_Supplied material_
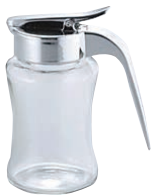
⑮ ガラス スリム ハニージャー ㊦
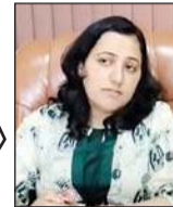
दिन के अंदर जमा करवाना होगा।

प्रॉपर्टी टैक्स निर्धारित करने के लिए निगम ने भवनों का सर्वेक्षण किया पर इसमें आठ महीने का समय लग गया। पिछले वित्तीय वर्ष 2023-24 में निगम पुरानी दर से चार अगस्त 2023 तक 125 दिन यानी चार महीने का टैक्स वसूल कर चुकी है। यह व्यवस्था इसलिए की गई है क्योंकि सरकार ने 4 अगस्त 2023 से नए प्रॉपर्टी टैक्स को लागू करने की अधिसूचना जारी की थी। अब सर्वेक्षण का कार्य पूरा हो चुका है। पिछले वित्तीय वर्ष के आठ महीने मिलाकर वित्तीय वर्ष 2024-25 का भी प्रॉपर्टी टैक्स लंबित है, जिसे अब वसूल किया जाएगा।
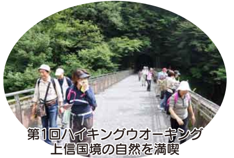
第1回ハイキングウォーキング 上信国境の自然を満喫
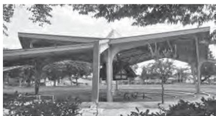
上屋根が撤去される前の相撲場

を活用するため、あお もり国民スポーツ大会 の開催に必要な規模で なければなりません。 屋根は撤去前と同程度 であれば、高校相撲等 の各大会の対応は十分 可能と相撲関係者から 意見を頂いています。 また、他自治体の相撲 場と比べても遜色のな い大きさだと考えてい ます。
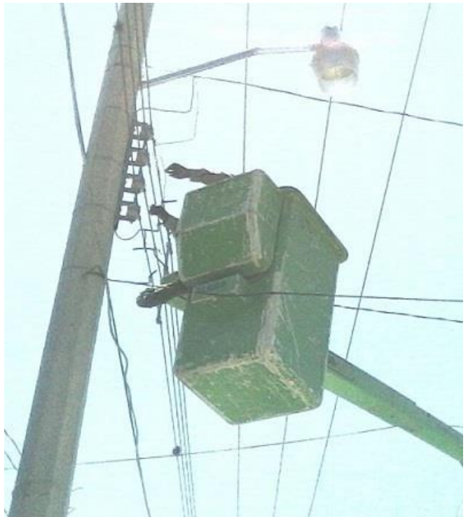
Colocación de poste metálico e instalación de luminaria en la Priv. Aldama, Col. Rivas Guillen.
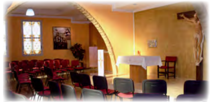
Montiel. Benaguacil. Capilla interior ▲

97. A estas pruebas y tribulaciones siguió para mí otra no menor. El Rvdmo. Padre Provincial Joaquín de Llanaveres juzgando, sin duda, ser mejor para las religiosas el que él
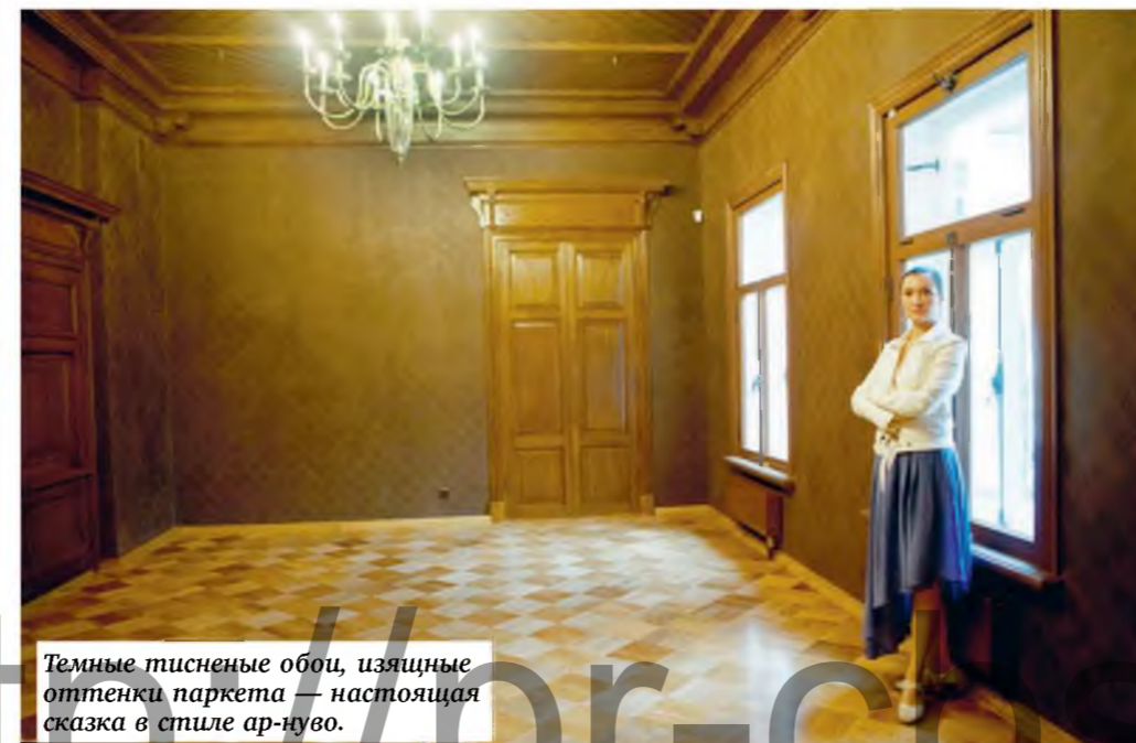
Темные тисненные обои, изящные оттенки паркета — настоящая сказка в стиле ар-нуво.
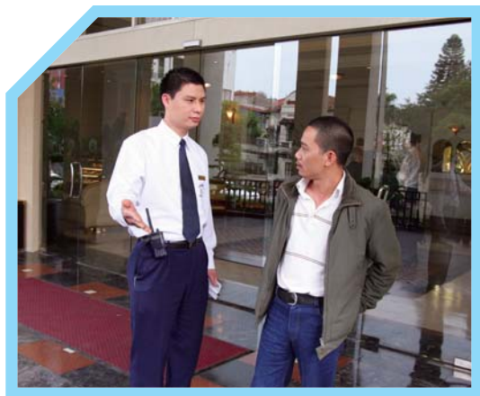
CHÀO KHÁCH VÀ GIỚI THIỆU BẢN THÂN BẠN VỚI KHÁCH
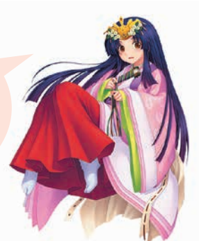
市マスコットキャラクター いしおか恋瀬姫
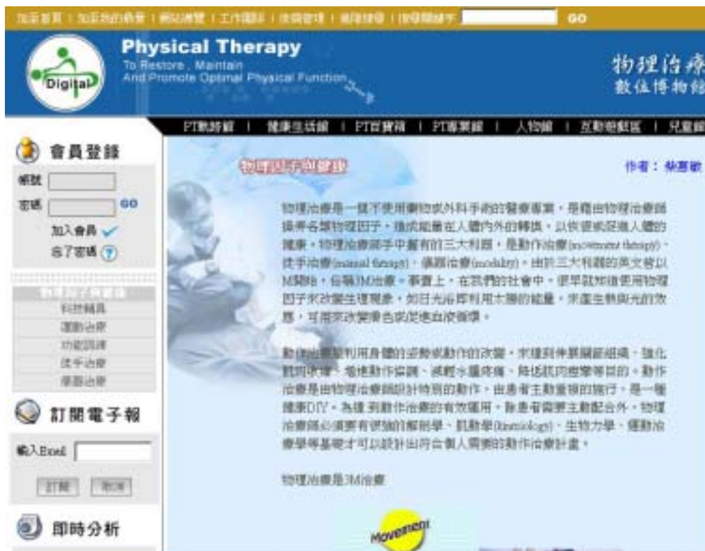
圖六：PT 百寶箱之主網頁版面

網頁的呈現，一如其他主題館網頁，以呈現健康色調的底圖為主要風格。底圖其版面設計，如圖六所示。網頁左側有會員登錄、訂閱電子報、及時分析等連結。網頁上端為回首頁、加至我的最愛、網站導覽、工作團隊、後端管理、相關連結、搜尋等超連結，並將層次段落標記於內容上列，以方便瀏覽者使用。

_How to complete this task_
Set down again, word for word, every line from the one with "上屋根が撤去される前の相撲場" to the one with "97. A estas" in the entries above, and omit the pictures.

_Output below_
上屋根が撤去される前の相撲場

を活用するため、あお もり国民スポーツ大会 の開催に必要な規模で なければなりません。 屋根は撤去前と同程度 であれば、高校相撲等 の各大会の対応は十分 可能と相撲関係者から 意見を頂いています。 また、他自治体の相撲 場と比べても遜色のな い大きさだと考えてい ます。
Colocación de poste metálico e instalación de luminaria en la Priv. Aldama, Col. Rivas Guillen.
Montiel. Benaguacil. Capilla interior ▲

97. A estas pruebas y tribulaciones siguió para mí otra no menor. El Rvdmo. Padre Provincial Joaquín de Llanaveres juzgando, sin duda, ser mejor para las religiosas el que él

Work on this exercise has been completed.